▸ Supplied information:

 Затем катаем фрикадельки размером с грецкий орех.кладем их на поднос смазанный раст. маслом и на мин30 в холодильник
* * *
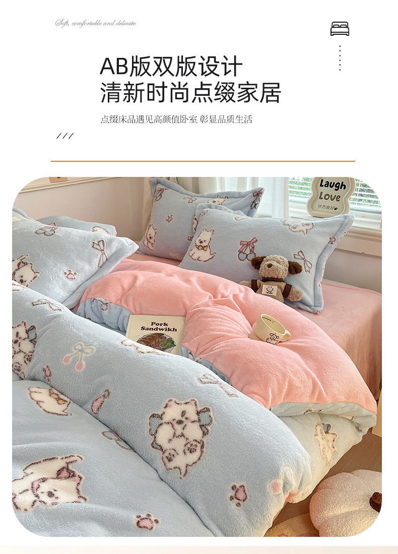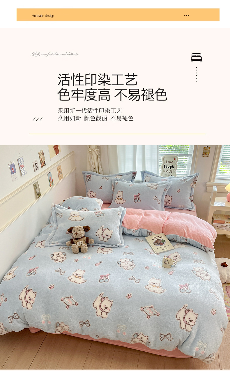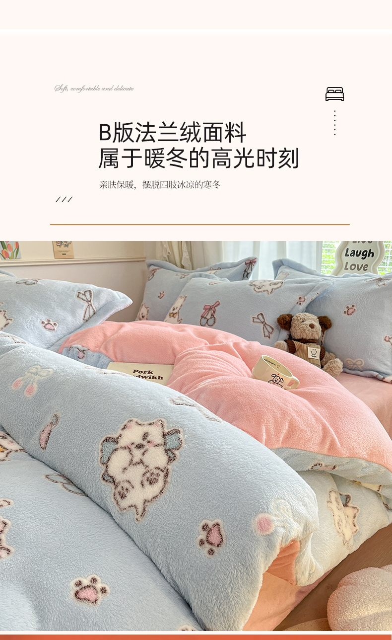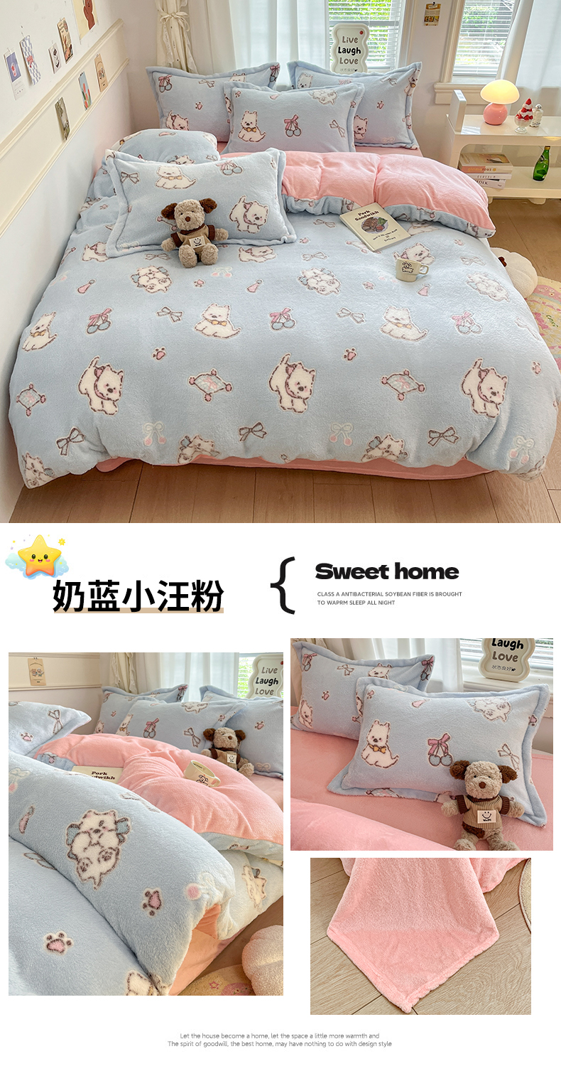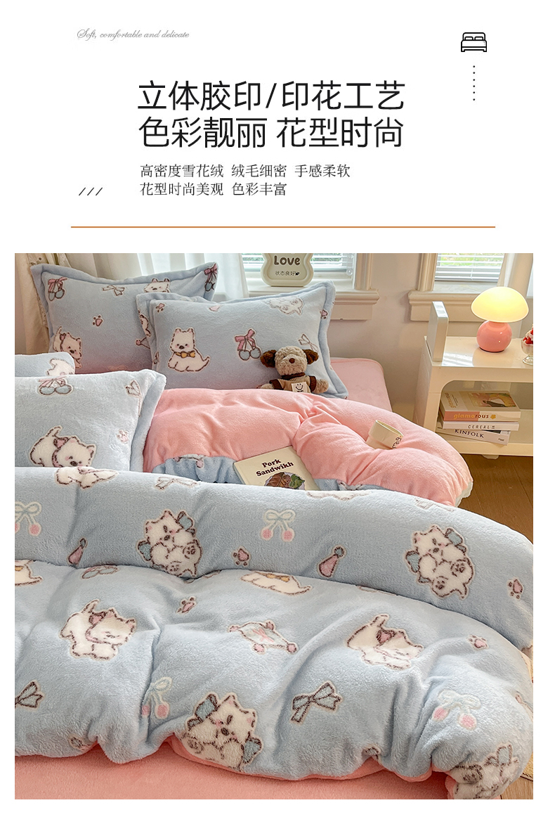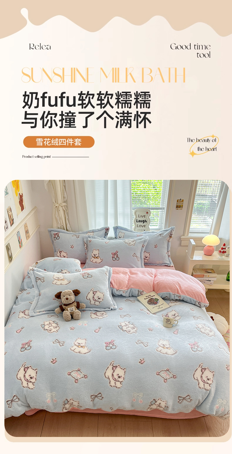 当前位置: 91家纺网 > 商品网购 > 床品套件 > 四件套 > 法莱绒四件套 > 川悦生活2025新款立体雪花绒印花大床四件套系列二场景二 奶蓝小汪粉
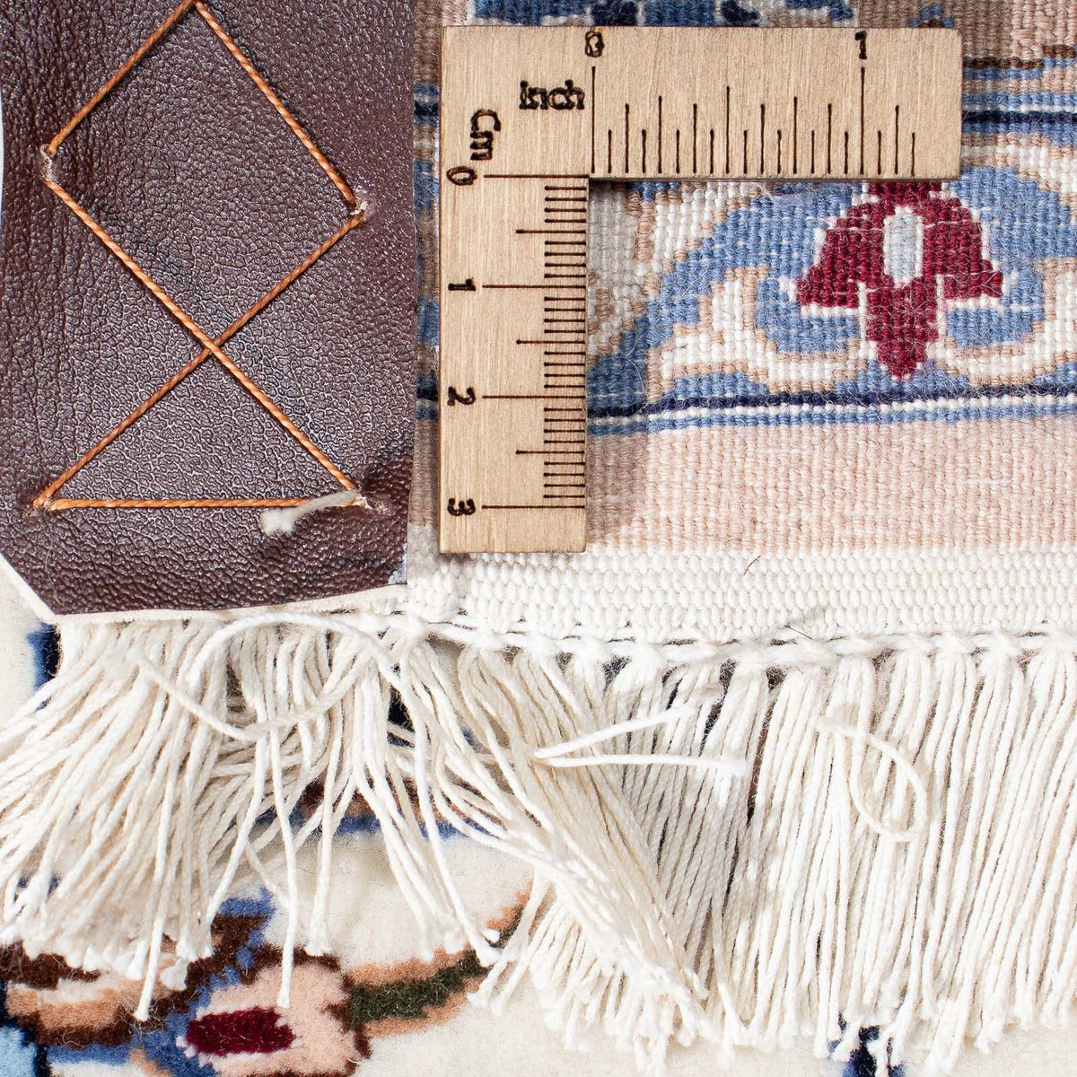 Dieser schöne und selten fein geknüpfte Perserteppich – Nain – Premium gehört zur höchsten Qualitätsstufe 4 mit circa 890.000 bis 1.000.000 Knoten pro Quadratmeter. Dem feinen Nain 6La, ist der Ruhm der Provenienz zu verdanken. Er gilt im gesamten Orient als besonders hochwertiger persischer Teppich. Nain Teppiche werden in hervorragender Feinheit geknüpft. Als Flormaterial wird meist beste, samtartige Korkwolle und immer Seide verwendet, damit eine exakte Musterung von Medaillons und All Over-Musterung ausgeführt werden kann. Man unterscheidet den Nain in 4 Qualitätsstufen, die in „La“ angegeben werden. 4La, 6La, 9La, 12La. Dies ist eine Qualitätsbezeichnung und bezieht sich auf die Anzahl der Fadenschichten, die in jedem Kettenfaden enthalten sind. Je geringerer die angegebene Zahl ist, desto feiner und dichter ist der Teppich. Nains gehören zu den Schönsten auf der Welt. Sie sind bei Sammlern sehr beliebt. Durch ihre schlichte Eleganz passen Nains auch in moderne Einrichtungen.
--
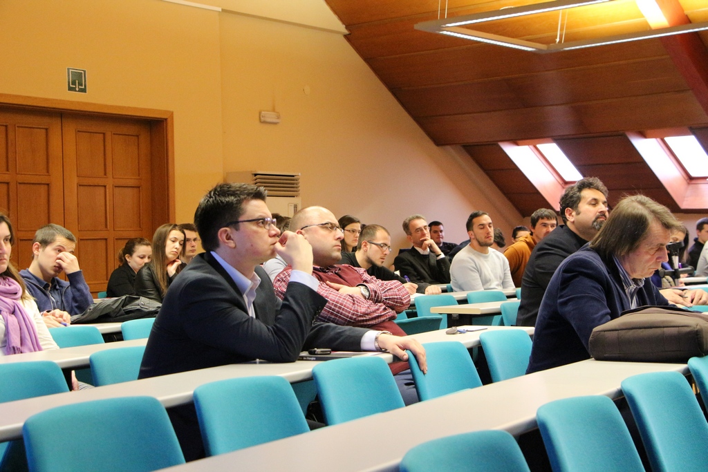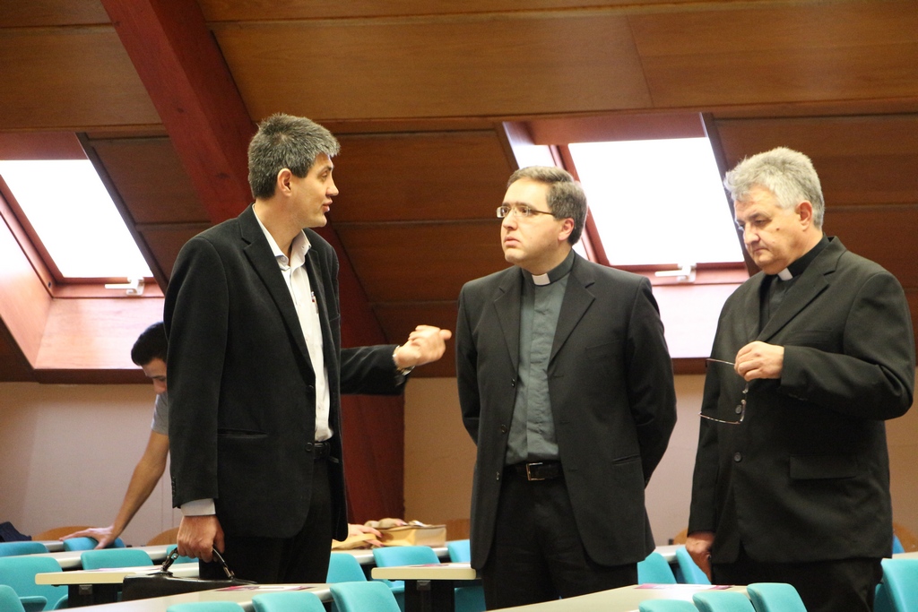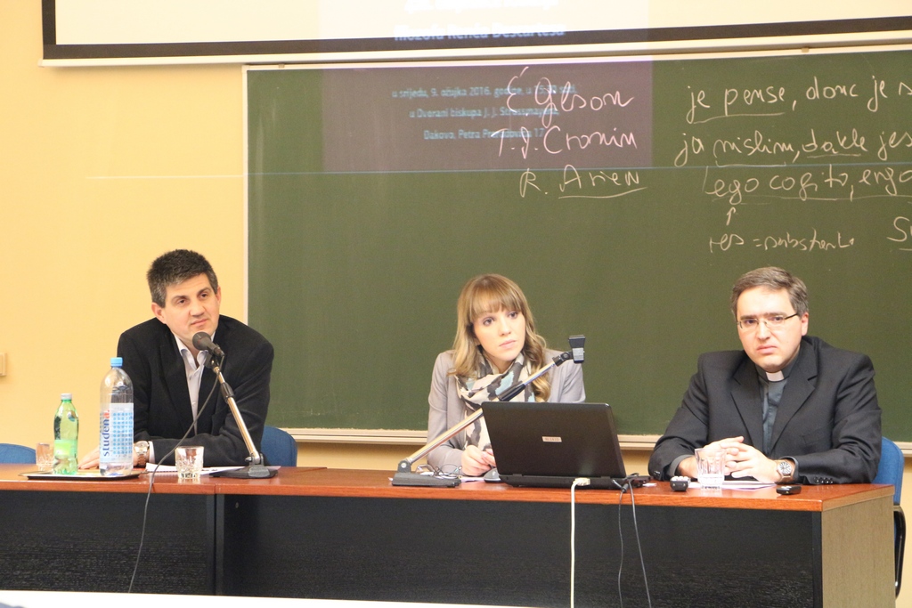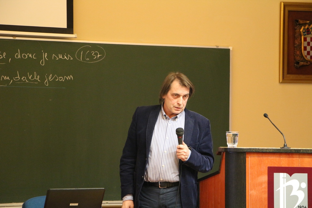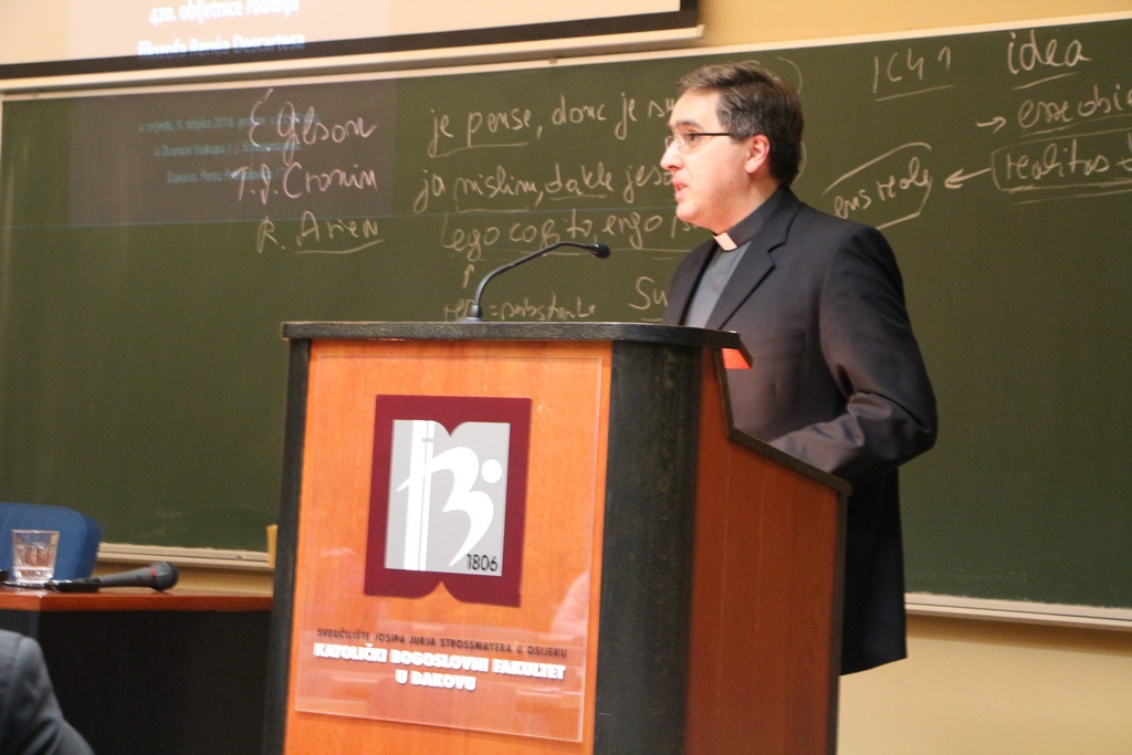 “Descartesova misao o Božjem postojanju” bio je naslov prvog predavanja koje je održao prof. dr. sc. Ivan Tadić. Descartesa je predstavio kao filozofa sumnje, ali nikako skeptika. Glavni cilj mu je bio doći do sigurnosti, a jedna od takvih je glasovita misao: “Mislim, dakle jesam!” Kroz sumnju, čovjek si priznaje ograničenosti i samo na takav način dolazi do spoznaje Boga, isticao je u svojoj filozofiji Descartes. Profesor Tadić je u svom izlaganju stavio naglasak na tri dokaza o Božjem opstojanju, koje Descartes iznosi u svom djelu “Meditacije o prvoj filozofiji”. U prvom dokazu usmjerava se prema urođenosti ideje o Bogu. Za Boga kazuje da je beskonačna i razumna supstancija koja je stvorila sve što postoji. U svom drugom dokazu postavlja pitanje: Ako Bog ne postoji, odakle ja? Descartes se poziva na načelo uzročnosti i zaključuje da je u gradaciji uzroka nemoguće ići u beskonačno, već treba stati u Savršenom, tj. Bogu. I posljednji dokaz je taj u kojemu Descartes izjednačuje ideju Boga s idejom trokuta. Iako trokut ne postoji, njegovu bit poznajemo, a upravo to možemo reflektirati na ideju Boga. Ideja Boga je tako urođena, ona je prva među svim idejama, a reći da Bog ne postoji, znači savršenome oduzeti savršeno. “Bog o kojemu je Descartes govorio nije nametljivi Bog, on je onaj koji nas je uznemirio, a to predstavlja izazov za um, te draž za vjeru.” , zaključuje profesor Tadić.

▸ Aim of the exercise: Look above for the line with "当前位置: 91家纺网 >" and the line with "Dieser schöne und". Output those two and everything between them exactly, pictures excluded.

▸ Answer to the problem:
 当前位置: 91家纺网 > 商品网购 > 床品套件 > 四件套 > 法莱绒四件套 > 川悦生活2025新款立体雪花绒印花大床四件套系列二场景二 奶蓝小汪粉
 Dieser schöne und selten fein geknüpfte Perserteppich – Nain – Premium gehört zur höchsten Qualitätsstufe 4 mit circa 890.000 bis 1.000.000 Knoten pro Quadratmeter. Dem feinen Nain 6La, ist der Ruhm der Provenienz zu verdanken. Er gilt im gesamten Orient als besonders hochwertiger persischer Teppich. Nain Teppiche werden in hervorragender Feinheit geknüpft. Als Flormaterial wird meist beste, samtartige Korkwolle und immer Seide verwendet, damit eine exakte Musterung von Medaillons und All Over-Musterung ausgeführt werden kann. Man unterscheidet den Nain in 4 Qualitätsstufen, die in „La“ angegeben werden. 4La, 6La, 9La, 12La. Dies ist eine Qualitätsbezeichnung und bezieht sich auf die Anzahl der Fadenschichten, die in jedem Kettenfaden enthalten sind. Je geringerer die angegebene Zahl ist, desto feiner und dichter ist der Teppich. Nains gehören zu den Schönsten auf der Welt. Sie sind bei Sammlern sehr beliebt. Durch ihre schlichte Eleganz passen Nains auch in moderne Einrichtungen.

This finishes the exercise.